The U.S. used the P47, and the P38's to great advantake for ground attack,
the RAF used the typhoon, the tempest, the beaufort, these are the most
prominent ones i can remember.


Not a whole lot of Beuforts used as Firgter-Bombers or Light Bombers.
They were tasked as Torpedo Bombers, for antishipping work. (As were,
in fact, most Beaufighters) By mid '44, the usual RAF Light Bomber was
the Mosquito FB.VI.

The P51's mainly carried two under wing tanks, which they used first, them
when the time came to dog fight, they would let them go; they had a big fuel
tank in behind the pilot to fall back on.


A little bit oof there. For P-51s with the aft fuel tank, the
sequence was to burn the fuel in the aft tank first, then the drops.
A full aft tank moved the Center of Gravity to the extreme back end of
its allowable range, and caused a tendency to overshoot in pitch
(pulling G, for instance) that wasn't acceptable in combat. Return
fuel would have been in the normal wing tanks.

Any fighter bomber that had say small bombs would execute their primary
objectives first,i.e. drop the bombs first because to dog fight with a bomb
under neath could be too risky, the drag, extra weight, and the damger of
the bombs being hit while still attached., they would not be required to go
any great distance with the bombs; this was the medium, and heavy bombers
task, if the fighters carried a bomb or two they would be used to soften a
target with aswell as others straffing, and perhaps those doing the
straffing would cover thos carrying the bombs.

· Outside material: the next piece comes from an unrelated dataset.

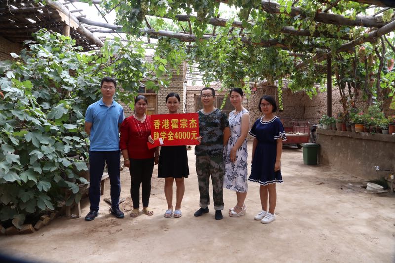 郑明凤(左一)发放助学金
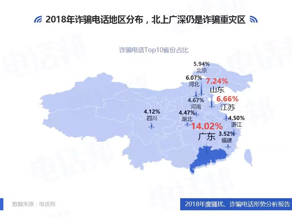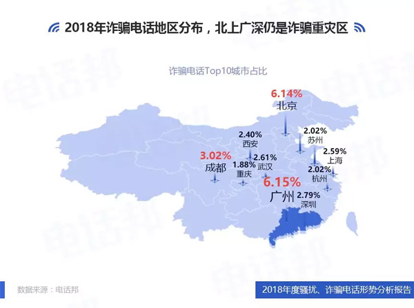 4、2018年詐騙電話地區(qū)分布,北上廣深仍是詐騙重災區(qū)

It perhaps should also be pointed out that the bombs were the
fighter-bomber's most effective weapons, so naturally they'd be used
first. Bombs are pretty inseneitive to damage from things like
bullets & fragments. That's why they require special fuzes and
booster charges (Which are in the fuze wells in the center of the
bomb) to set them off. The danger of a hung bomb comes from two
sources - if the arming wire's been pulled, allowing the vanes onthe
fuze to turn, moving the firing mechanism into alignment, then it can
go off with a sufficient impact in the right direction. If the rack
didn't release all the way, or if one lug has released and the other
hasn't then the bomb could fall of its own accord at just about any
time, and if it doesn't release cleanly can casue severe damage to teh
airframe. USAAF firghter-bombers, (And RAF Mustangs used as
fighter-bombers) were quite wide-ranging. The first RAF fighter over
Germany were Mustang Is (Allison engines, and no fuselage tank) flying
Armed Recce missions past Kiel in early 1942. (Brit built fighters
just never had much in the way of range, carrying bombs or not).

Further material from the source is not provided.